If you want to complain, give the DEA a call. Tell them that you have the right to get narcotics free
from VA. Get really pissed with the agent. They'll be happy to hear from you.
The Pain Contract
Your VA and many civilian providers today will insist that you sign a "Pain Contract" if you
are on any sort of pain medicines for more than a very brief period.
The reasoning behind this is controversial.
There is a common misconception that veterans who receive any sort of pain
medicine are likely to resell it at a very high profit. Like most of the rumors
that are published about the American "War On Drugs" there is little truth to this.
The majority of veterans who receive pain medicines from VA are just like you and
they have no reason to want to sell their medicines. The bulletins would have
you believe that every pill is worth an enormously inflated price
and that vets can get rich by selling their medicines.
The result of all this is that you are likely to be tested to ensure that you're taking
your medicines. Once you sign the pain contract you give VA the authority to test
you at any time. They are not required to tell you that you're being tested for drugs.
If you aren't taking your drugs at the time of the test, your provider may not
extend any more refills.
If other drugs (such as marijuana) are seen during the test, you may or may not be
counseled. That depends on the individual provider.
Much of the testing in both civilian and VA and military settings is done with a
standardized 4 drug detection kit. The test of your urine would show the presence
of narcotics (Vicodin, Oxycontin, morphine, etc.). marijuana, cocaine (or crack) and
amphetamines. In some tests benzodiazepines (Valium and similar) may be detected.
Therefore, if you are tested to ensure that you are taking your prescribed medication
and you have been smoking marijuana, you'll likely get a call from your doctor.
Some VA doctors won't tolerate your marijuana use at all. Others don't pay it any attention.
The Department of Veterans Affairs doesn't
care much about you smoking marijuana.
You won't lose a benefit if you're smoking marijuana.
The only people who are concerned are in the health care arena of the VA...your doctors.
Most enlightened physicians recognize that marijuana has some medicinal benefit
and that there is no evidence of harmful side effects other than the obvious...inhaling
hot smoke. Most agree that the single most devastating side effect of recreational
marijuana use is that it remains illegal and you may be arrested for it.

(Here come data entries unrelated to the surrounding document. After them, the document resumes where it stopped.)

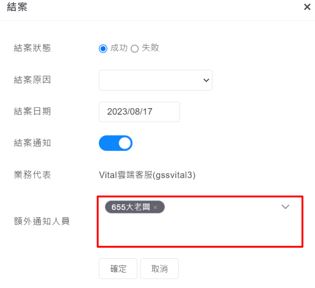 如有設定結案預設通知,當商機結案時,系統也會自動將預設通知人員帶入: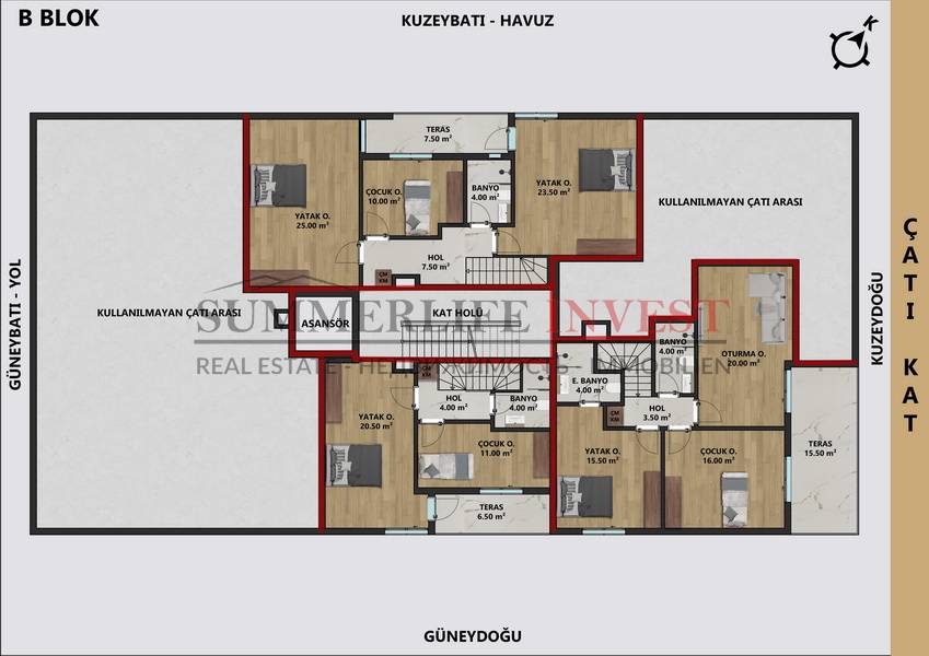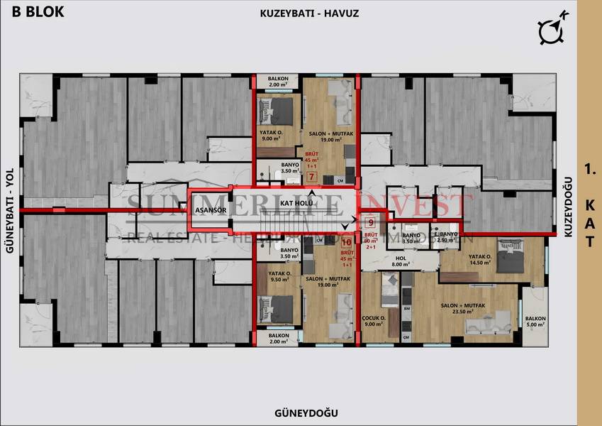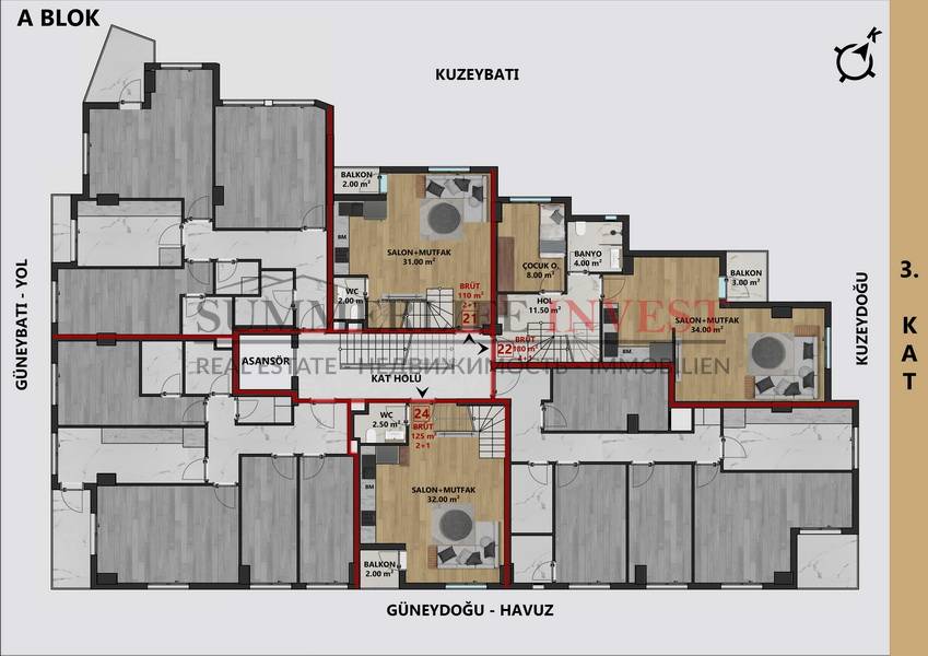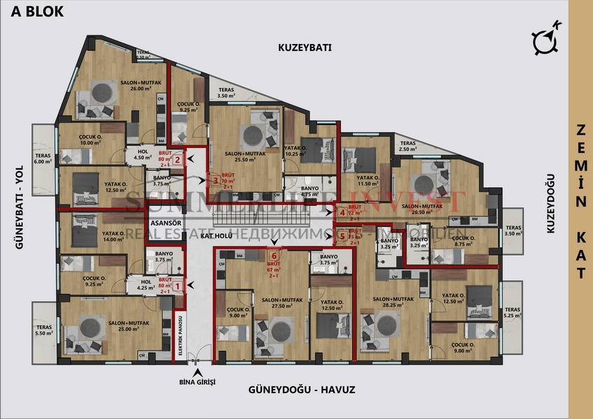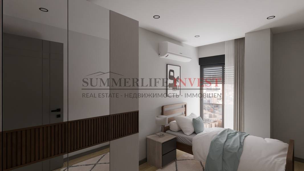В комплексе представлены различные типы квартир: 1+1, 2+1, 3+1 и 4+1, что позволяет выбрать жилье как для инвестиций, так и для комфортного проживания. Квартиры спроектированы с учетом современных стандартов: просторные комнаты, функциональная планировка и большие окна обеспечивают максимальный комфорт и естественное освещение.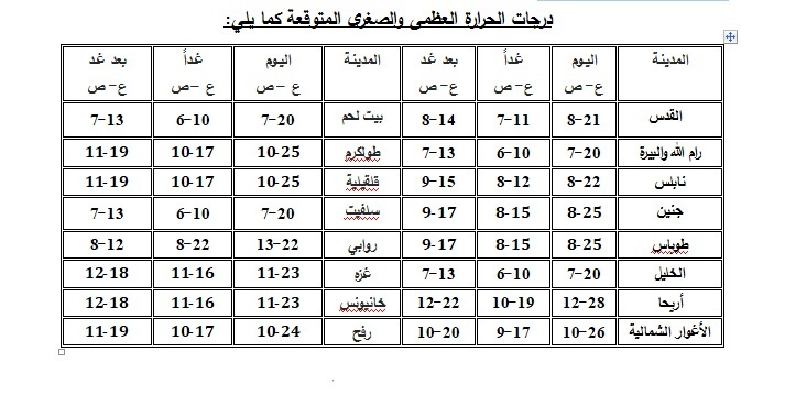 وتوقعت دائرة الارصاد ان تعود الاجواء الجمعة الى الارتفاع في درجات الحرارة مع بقاء الجو باردا ،وتبقى الفرصة مهيأة لسقوط أمطار متفرقة فوق بعض المناطق.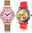 Dial Colour : Pink And White ; Band Colour : Rose Gold And Red ; Case Shape : Round ; Band Material : Metal And Plastic ; Case Diameter : 33 And 29 mm ; NEUTRON Treading Style Magnet Chain And Doll Kids Rose Gold And Red Colour Analog Metal And Plastic Belt 2 Watch Combo For Women And Girls - GM244-GC76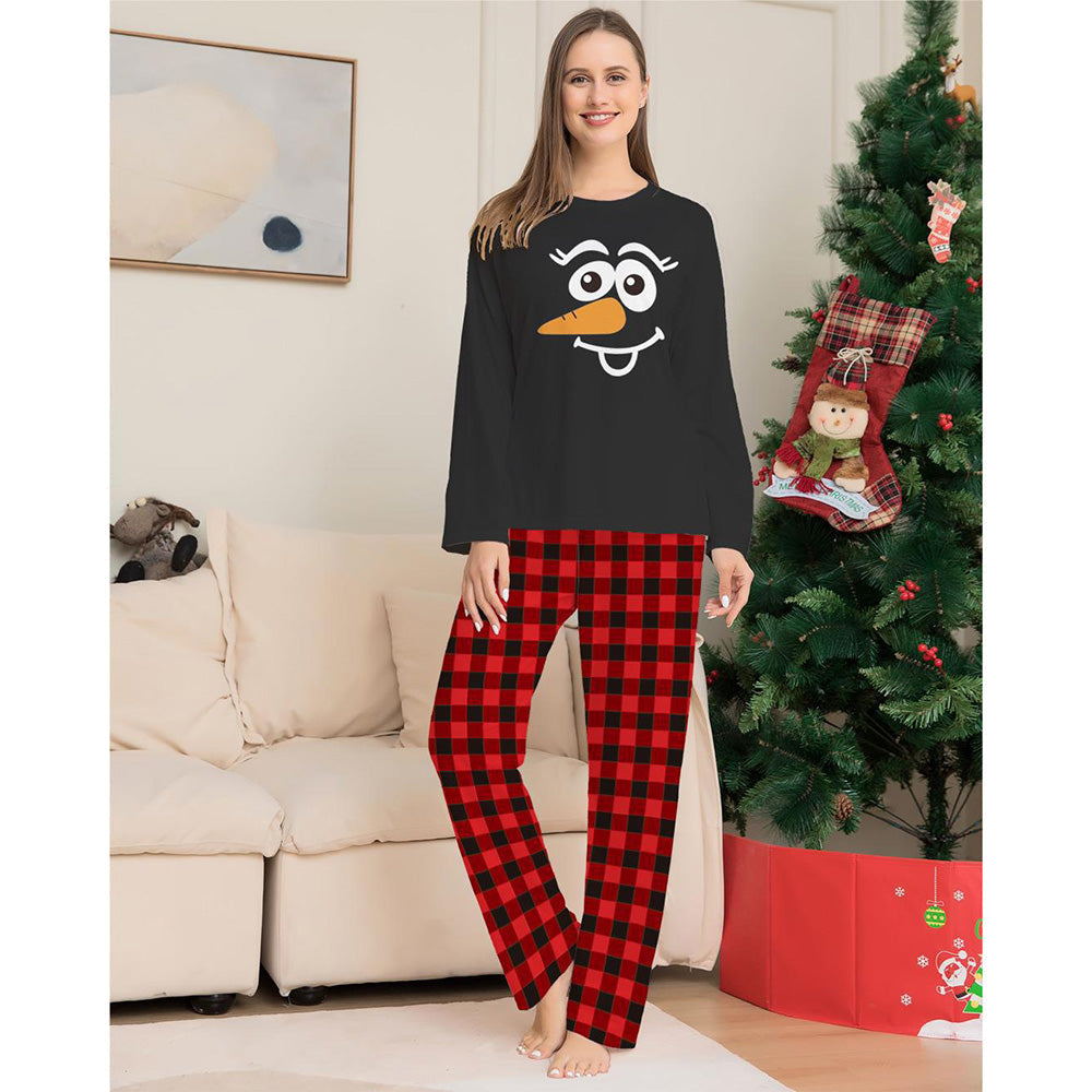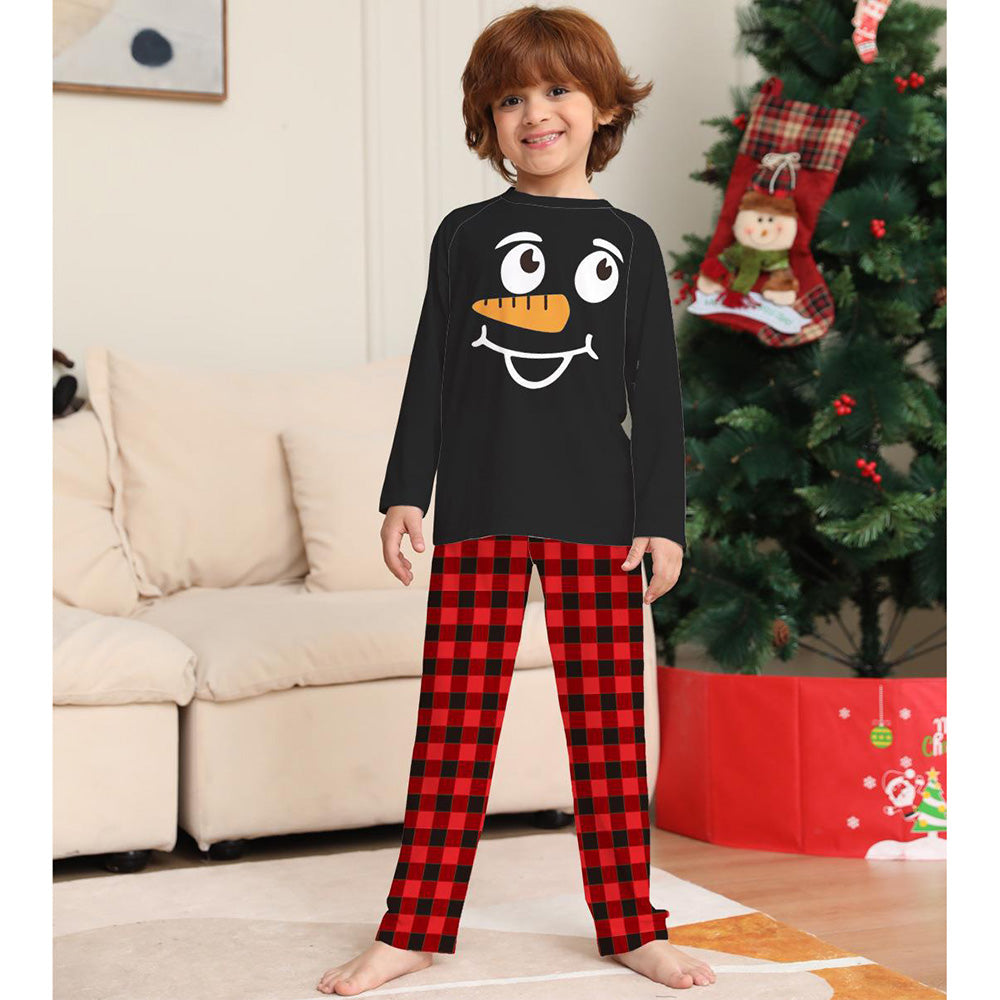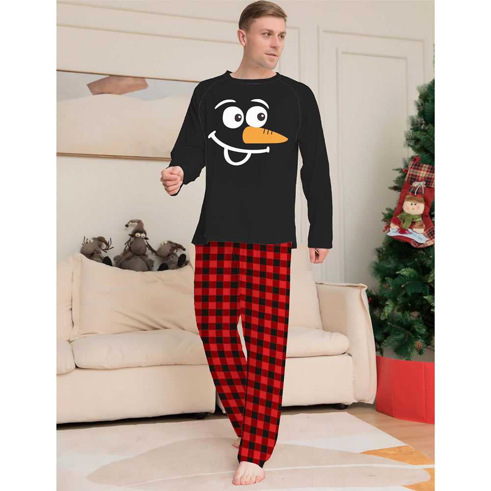 Snowman Plaid Print Round Neck Long Sleeve Christmas Family Pajamas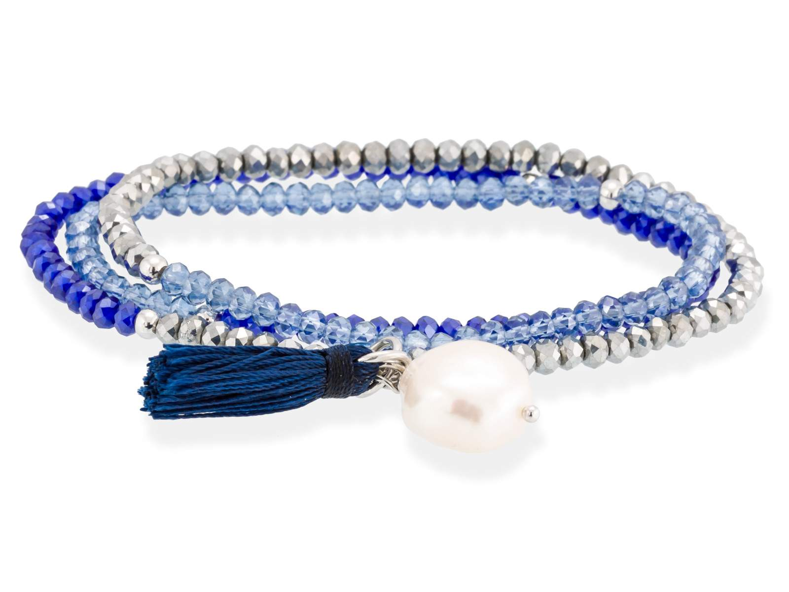 Armband in Silber (925) rhodiniert mit Facettierten "Dreifach -blau" Farbe Strass und Süßwasser-Zuchtperle. (Länge: 54 cm)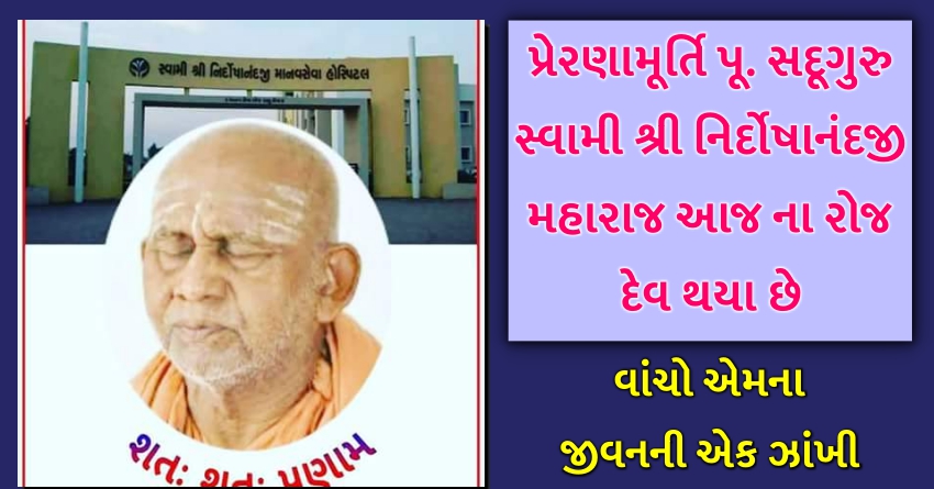 પ્રેરણામૂર્તિ પૂ. સદૂગુરુ સ્વામી શ્રી નિર્દોષાનંદજી મહારાજ આજ ના રોજ દેવ થયા છે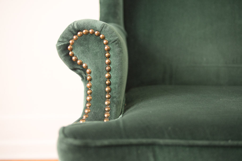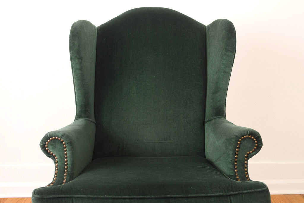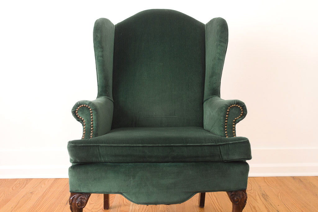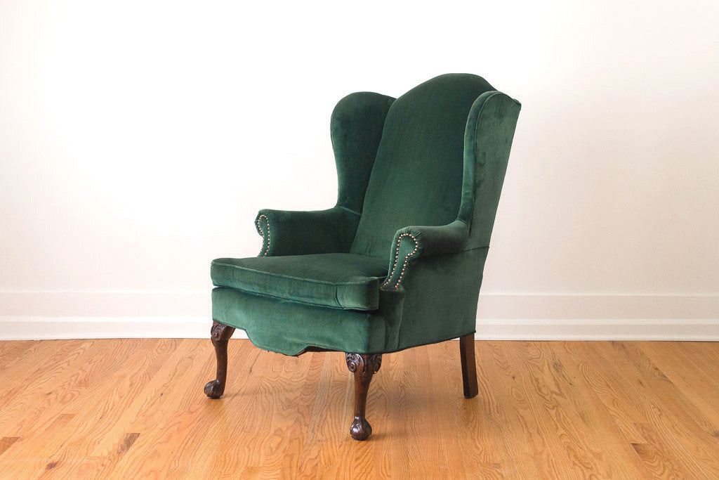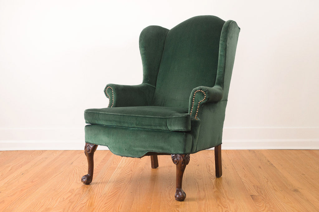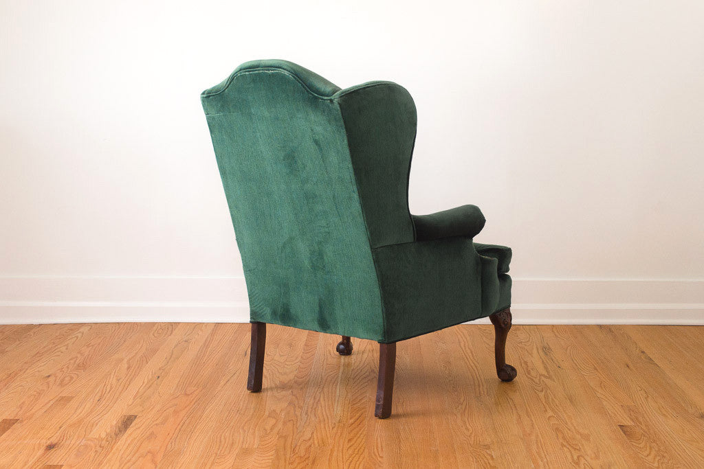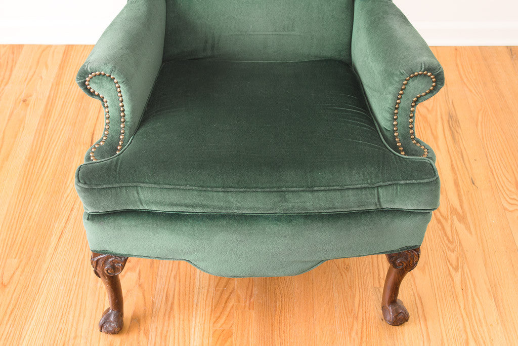 This vintage wingback chair is upholstered in emerald green velvet with dark carved wood claw foot legs and brass nailhead trim. The upholstery is in great shape with minor wear. The chair is sturdy when you are sitting in it but the frame has a little movement if you are fussing with it.

Having said that, your doctor may feel differently. If your doctor makes a decision
that you shouldn't be smoking, he or she has the right to ask you to stop. Few people
will try to help you with that sort of problem as the doctor is the
clinical authority and makes those decisions.
Most mental health providers will ask that you refrain from all recreational
substance use. If you are diagnosed with any mental health problems, your doctor
will want your head to be as clear as possible during treatment. You should comply.
Doctors who treat your chronic pain with narcotics may also tell you to lay off the
recreational marijuana. They want to be able to judge the effects of the
treatments they offer you without any other substances interfering.
Orthopedic doctors today are often refusing such surgery as hip and knee replacement
unless the patient gives up tobacco and marijuana. They believe that smoking
anything will displace vital oxygen and interfere with the critical healing process.
Doctors who do transplants like kidneys or other organs also frequently tell the
patient to quit smoking marijuana. This is as much a matter of discipline as anything else.
They know that if you refuse to follow their orders, you may not do as well with your
transplant and they can offer the organ to another patient who will be more compliant.
Although society is undergoing some positive changes in how we view
recreational substance use, marijuana remains an illegal drug. Federal laws
are strict and in some states, even a small amount can earn you jail time.
You do not have any "rights" to smoke pot. If you're smart, and you want to
keep your health care provider happy, you'll pay close attention to what the provider tells you.